Data excerpts
[Start of Attachment]

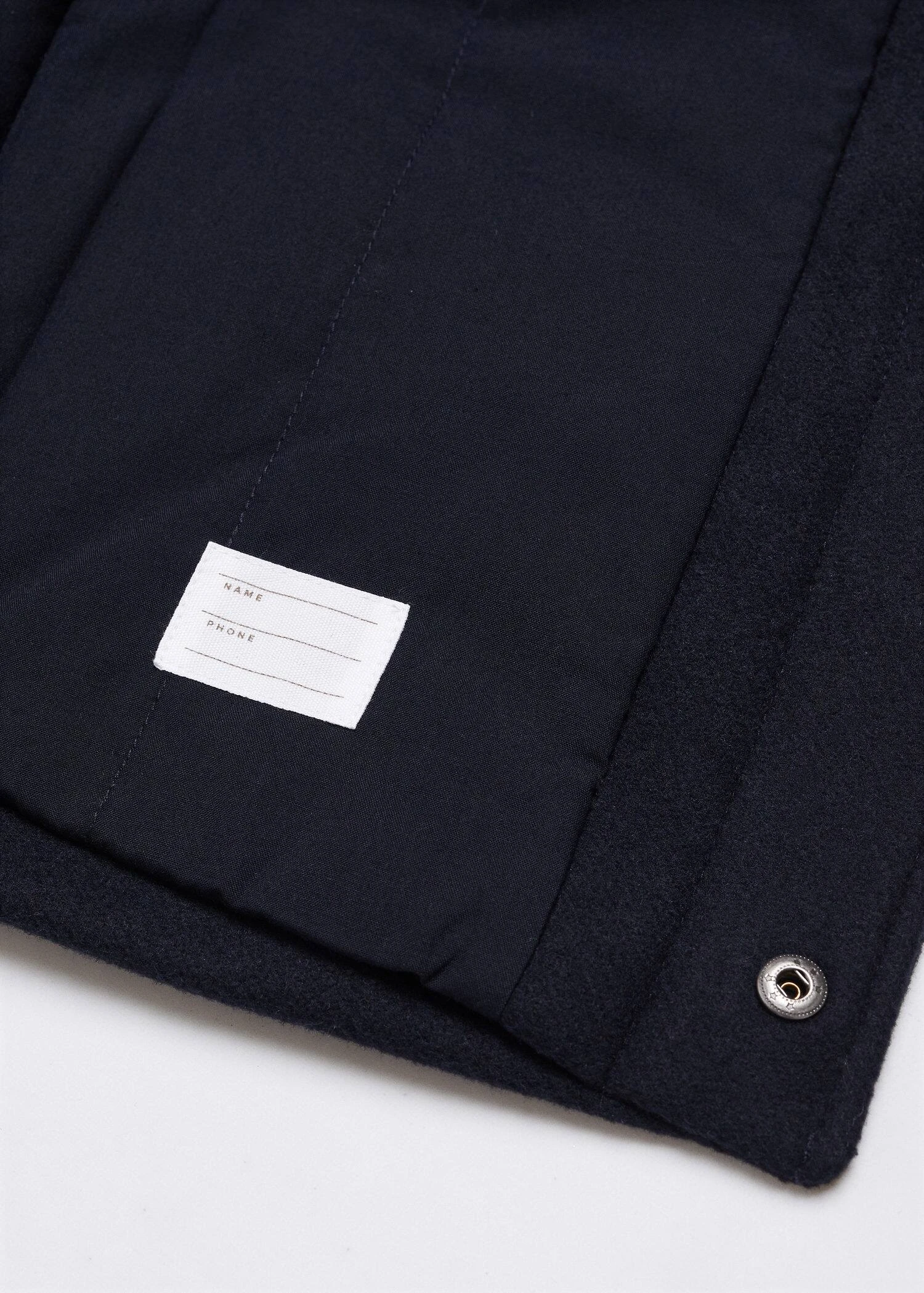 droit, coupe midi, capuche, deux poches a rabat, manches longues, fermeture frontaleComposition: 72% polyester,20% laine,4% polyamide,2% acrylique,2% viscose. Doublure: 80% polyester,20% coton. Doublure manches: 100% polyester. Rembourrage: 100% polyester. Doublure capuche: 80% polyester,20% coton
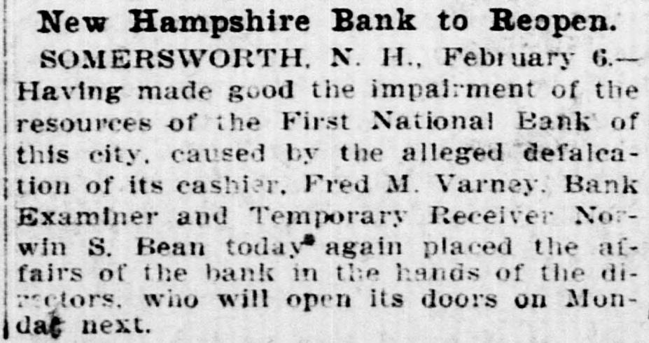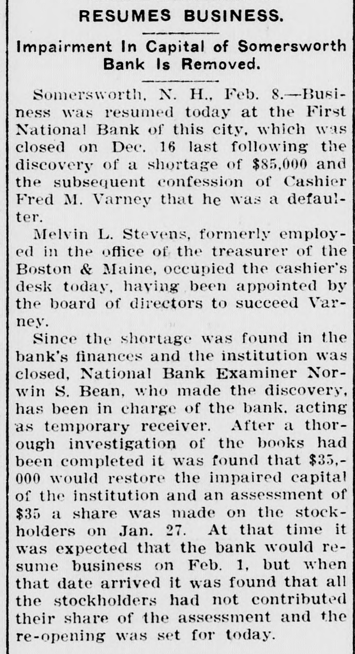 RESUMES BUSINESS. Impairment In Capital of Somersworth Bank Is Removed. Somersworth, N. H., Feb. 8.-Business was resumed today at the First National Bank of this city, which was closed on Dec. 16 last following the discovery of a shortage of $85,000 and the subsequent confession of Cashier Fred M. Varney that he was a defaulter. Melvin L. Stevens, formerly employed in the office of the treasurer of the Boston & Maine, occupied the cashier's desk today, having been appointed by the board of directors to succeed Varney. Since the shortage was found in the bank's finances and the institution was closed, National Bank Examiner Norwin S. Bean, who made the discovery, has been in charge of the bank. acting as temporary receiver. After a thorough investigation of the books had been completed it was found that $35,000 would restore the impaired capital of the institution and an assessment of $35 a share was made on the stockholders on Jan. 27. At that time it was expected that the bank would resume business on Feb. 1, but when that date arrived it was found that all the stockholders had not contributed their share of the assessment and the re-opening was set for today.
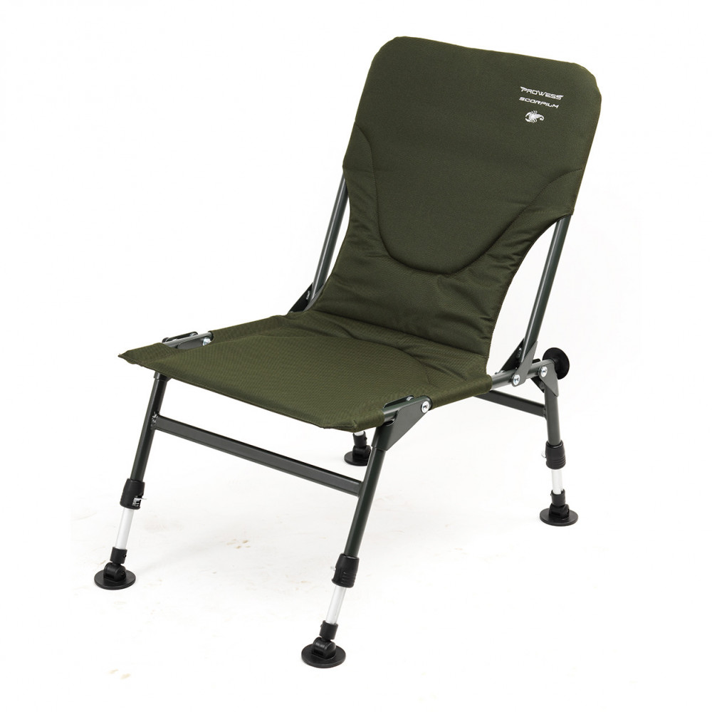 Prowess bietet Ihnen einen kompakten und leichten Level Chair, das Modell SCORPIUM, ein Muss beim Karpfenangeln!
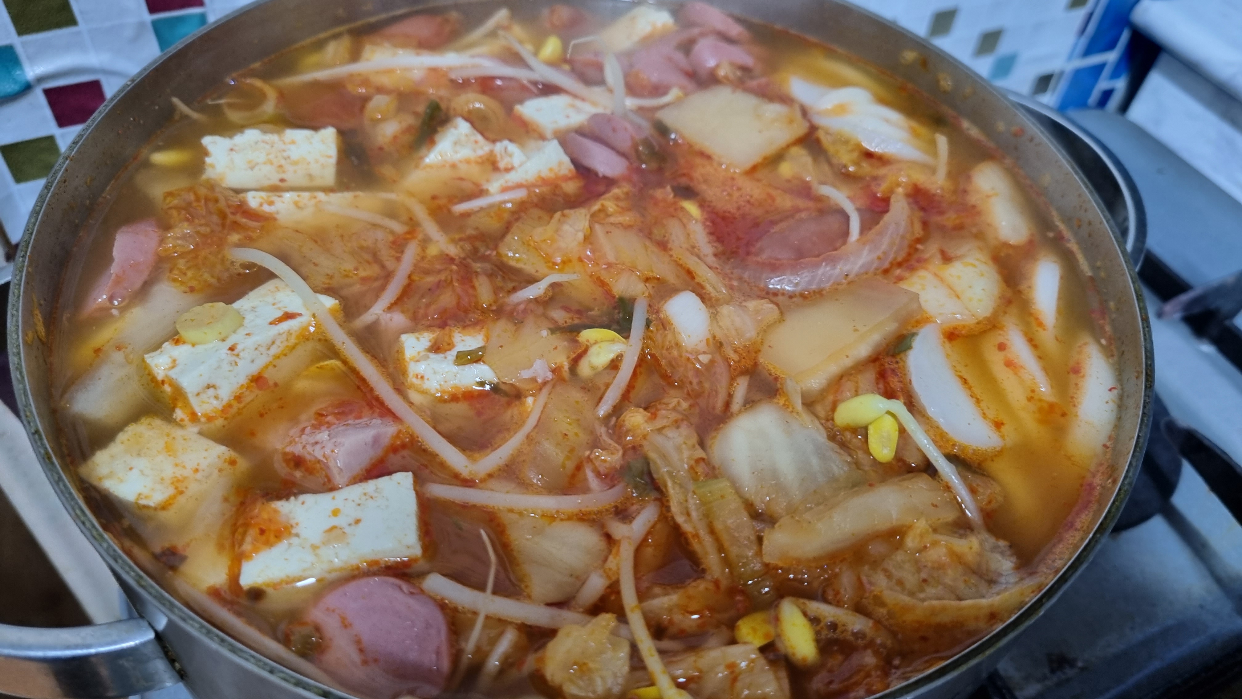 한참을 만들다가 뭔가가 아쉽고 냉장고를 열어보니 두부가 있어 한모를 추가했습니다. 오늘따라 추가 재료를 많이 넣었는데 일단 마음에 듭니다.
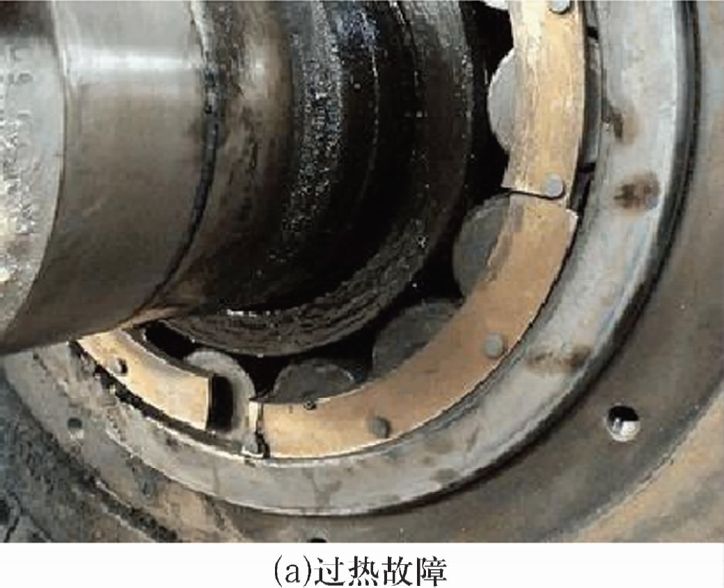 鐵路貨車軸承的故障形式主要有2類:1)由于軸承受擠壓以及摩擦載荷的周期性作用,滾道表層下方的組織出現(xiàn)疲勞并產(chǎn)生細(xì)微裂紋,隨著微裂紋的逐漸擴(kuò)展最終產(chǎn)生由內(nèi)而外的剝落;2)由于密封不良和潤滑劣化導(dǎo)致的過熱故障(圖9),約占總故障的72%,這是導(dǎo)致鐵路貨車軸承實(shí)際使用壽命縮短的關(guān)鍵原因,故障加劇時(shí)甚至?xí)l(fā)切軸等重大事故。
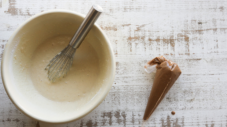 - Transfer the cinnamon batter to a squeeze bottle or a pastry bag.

[End of Attachment]

#### [WHAT IS REQUIRED]
Could you repeat, exactly and with nothing else, the lines from the first line of the records through the line containing "Prowess bietet Ihnen"? Leave out the pictures.

#### [YOUR RESPONSE]
 droit, coupe midi, capuche, deux poches a rabat, manches longues, fermeture frontaleComposition: 72% polyester,20% laine,4% polyamide,2% acrylique,2% viscose. Doublure: 80% polyester,20% coton. Doublure manches: 100% polyester. Rembourrage: 100% polyester. Doublure capuche: 80% polyester,20% coton
 RESUMES BUSINESS. Impairment In Capital of Somersworth Bank Is Removed. Somersworth, N. H., Feb. 8.-Business was resumed today at the First National Bank of this city, which was closed on Dec. 16 last following the discovery of a shortage of $85,000 and the subsequent confession of Cashier Fred M. Varney that he was a defaulter. Melvin L. Stevens, formerly employed in the office of the treasurer of the Boston & Maine, occupied the cashier's desk today, having been appointed by the board of directors to succeed Varney. Since the shortage was found in the bank's finances and the institution was closed, National Bank Examiner Norwin S. Bean, who made the discovery, has been in charge of the bank. acting as temporary receiver. After a thorough investigation of the books had been completed it was found that $35,000 would restore the impaired capital of the institution and an assessment of $35 a share was made on the stockholders on Jan. 27. At that time it was expected that the bank would resume business on Feb. 1, but when that date arrived it was found that all the stockholders had not contributed their share of the assessment and the re-opening was set for today.
 Prowess bietet Ihnen einen kompakten und leichten Level Chair, das Modell SCORPIUM, ein Muss beim Karpfenangeln!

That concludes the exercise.